Custom Metrics Not Working

If request rate metrics aren't working:

  1. Verify nginx ingress controller has metrics enabled
  2. Check prometheus is scraping ingress metrics
  3. Confirm prometheus-adapter configuration
  4. Validate ingress annotations for metrics

Scaling Too Aggressive/Slow

Adjust scaling behavior:

autoscaling:
  behaviour:
    scaleUp:
      stabilizationWindowSeconds: 60    # Faster scaling up
      policies:
      - type: Percent
        value: 100
        periodSeconds: 60
    scaleDown:
      stabilizationWindowSeconds: 300   # Slower scaling down
      policies:
      - type: Percent
        value: 25                       # More conservative scale down
        periodSeconds: 300

Best Practices

  1. Set appropriate resource requests: HPA needs resource requests to calculate CPU utilization
  2. Use stabilization windows: Prevent thrashing with appropriate cooldown periods
  3. Monitor costs: Autoscaling can increase costs rapidly
  4. Test thoroughly: Validate scaling behavior under realistic load
  5. Set reasonable limits: Use maxReplicas to prevent runaway scaling
  6. Use multiple metrics: Combine CPU and request rate for better scaling decisions

Example ingress configuration for load testing:

# For AWS ALB
apiVersion: networking.k8s.io/v1
kind: Ingress
metadata:
  name: eoapi-ingress
  annotations:
    kubernetes.io/ingress.class: alb
    alb.ingress.kubernetes.io/scheme: internet-facing
spec:
  ingressClassName: nginx
  rules:
  - host: your-domain.com
    http:
      paths: [...]

# For nginx ingress
apiVersion: networking.k8s.io/v1
kind: Ingress
metadata:
  name: eoapi-ingress
spec:
  ingressClassName: nginx
  rules:
  - host: abc5929f88f8c45c38f6cbab2faad43c-776419634.us-west-2.elb.amazonaws.com
    http:
      paths: [...]

Load Testing

Load Testing with hey

The hey tool is a simple HTTP load testing tool.
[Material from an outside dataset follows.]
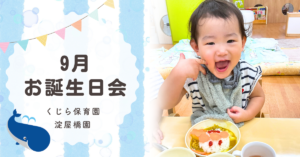 9月生まれのお友だちのお誕生日会がありました!お名前を呼んでもらうと少しドキドキしながらも上手にお返事をして前に出てきていましたね♪ 幼児さんは自分でお名前と何…

Install and Run Load Tests

  1. Install hey:

    # macOS
    brew install hey
    
    # Linux
    go install github.com/rakyll/hey@latest
    
    # Or download from releases
    wget https://hey-release.s3.us-east-2.amazonaws.com/hey_linux_amd64
    chmod +x hey_linux_amd64
    sudo mv hey_linux_amd64 /usr/local/bin/hey
    

  2. Run basic load test:

    # Test STAC endpoint
    hey -z 5m -c 10 https://your-domain.com/stac/collections
    
    # Test with higher concurrency
    hey -z 10m -c 50 https://your-domain.com/stac/search
    

  3. Monitor during load test:

    # Watch HPA scaling
    watch kubectl get hpa -n eoapi
    
    # Monitor pods
    watch kubectl get pods -n eoapi
    

Load Testing Best Practices

  1. Start small: Begin with low concurrency and short duration
  2. Monitor resources: Watch CPU, memory, and network usage
  3. Test realistic scenarios: Use actual API endpoints and payloads
  4. Gradual increase: Slowly increase load to find breaking points
  5. Test different endpoints: Each service may have different characteristics

Troubleshooting Load Tests

  • High response times: May indicate need for more replicas or resources
  • Error rates: Could suggest database bottlenecks or resource limits
  • No scaling: Check HPA metrics and thresholds

Advanced Load Testing

For more comprehensive testing, consider: - Artillery - Feature-rich load testing toolkit - k6 - Developer-centric performance testing - Locust - Python-based distributed load testing

For monitoring and observability setup, see observability.md.